Dataset excerpts –

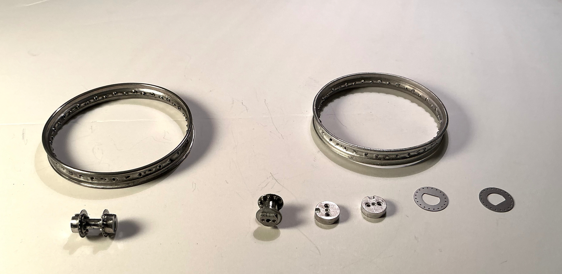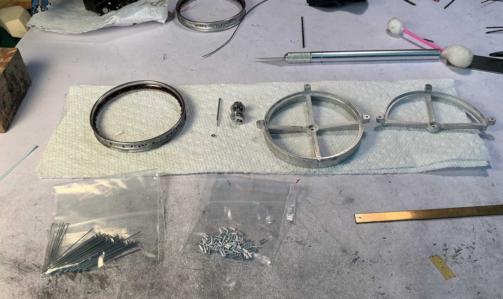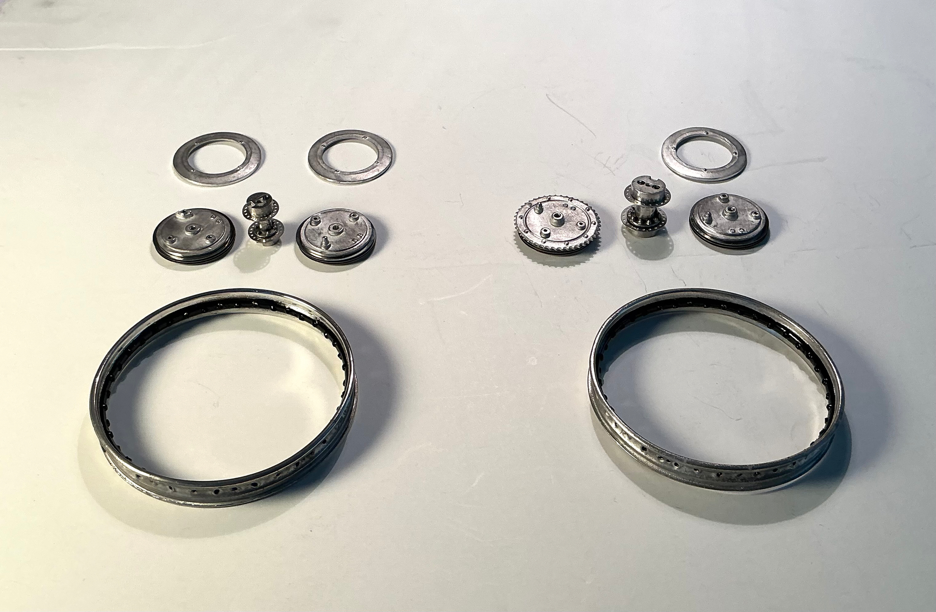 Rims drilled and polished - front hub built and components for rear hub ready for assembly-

...

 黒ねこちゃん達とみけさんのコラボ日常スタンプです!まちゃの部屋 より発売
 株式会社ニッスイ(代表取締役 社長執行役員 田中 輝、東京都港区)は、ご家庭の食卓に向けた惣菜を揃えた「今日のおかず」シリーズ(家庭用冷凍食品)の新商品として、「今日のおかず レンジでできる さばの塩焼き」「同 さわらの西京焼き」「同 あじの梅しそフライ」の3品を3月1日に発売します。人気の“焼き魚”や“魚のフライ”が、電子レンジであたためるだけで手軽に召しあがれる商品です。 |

* * *

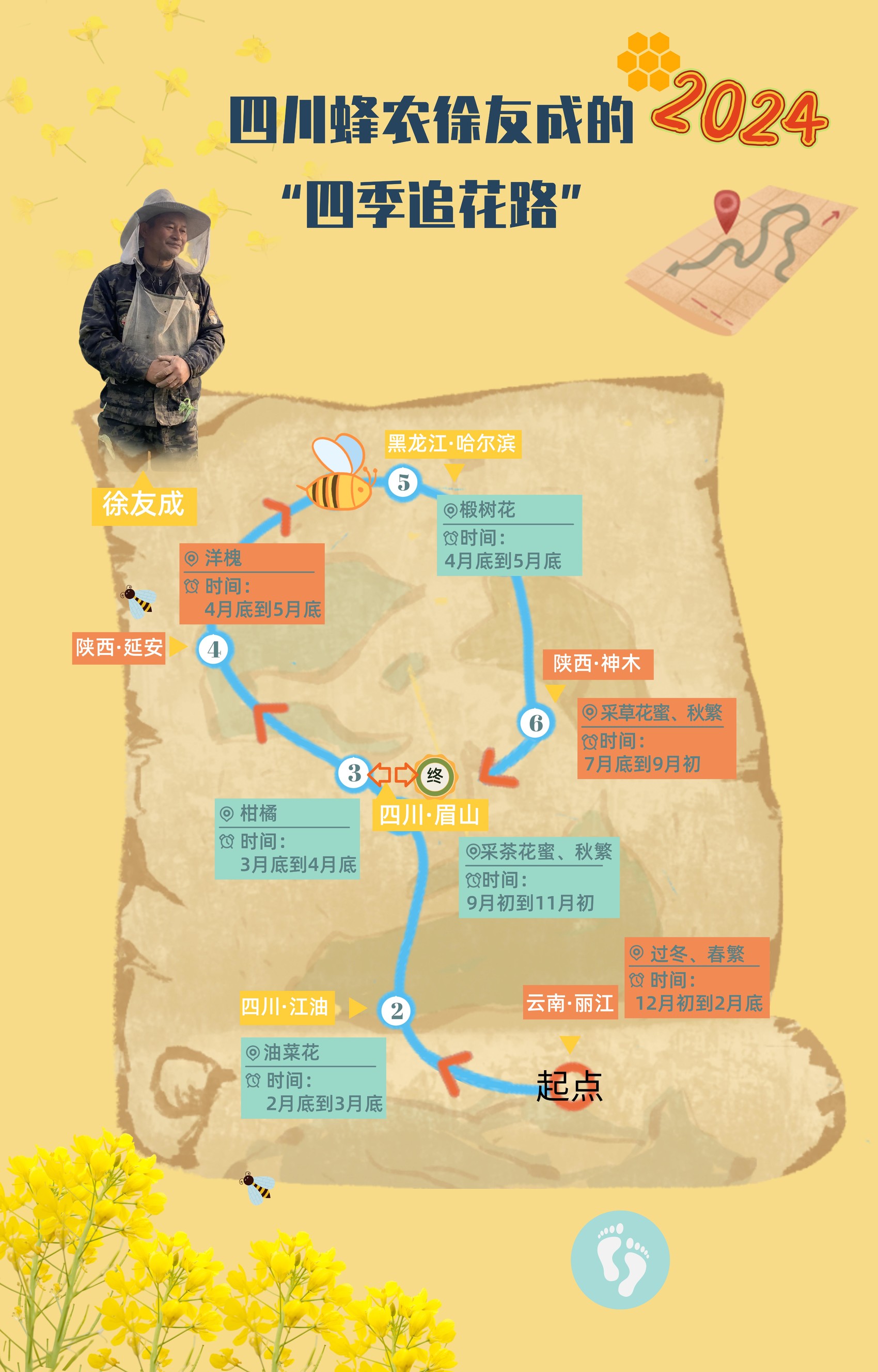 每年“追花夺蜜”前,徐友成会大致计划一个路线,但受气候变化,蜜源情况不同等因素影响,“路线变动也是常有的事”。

Exercise directions – Could you write out, exactly as they stand, only the lines above that begin at the line with "黒ねこちゃん達とみけさんのコラボ日常スタンプです!まちゃの部屋 より発売" and stop after the line with "株式会社ニッスイ(代表取締役 社長執行役員 田中"?

Exercise output –
 黒ねこちゃん達とみけさんのコラボ日常スタンプです!まちゃの部屋 より発売
 株式会社ニッスイ(代表取締役 社長執行役員 田中 輝、東京都港区)は、ご家庭の食卓に向けた惣菜を揃えた「今日のおかず」シリーズ(家庭用冷凍食品)の新商品として、「今日のおかず レンジでできる さばの塩焼き」「同 さわらの西京焼き」「同 あじの梅しそフライ」の3品を3月1日に発売します。人気の“焼き魚”や“魚のフライ”が、電子レンジであたためるだけで手軽に召しあがれる商品です。 |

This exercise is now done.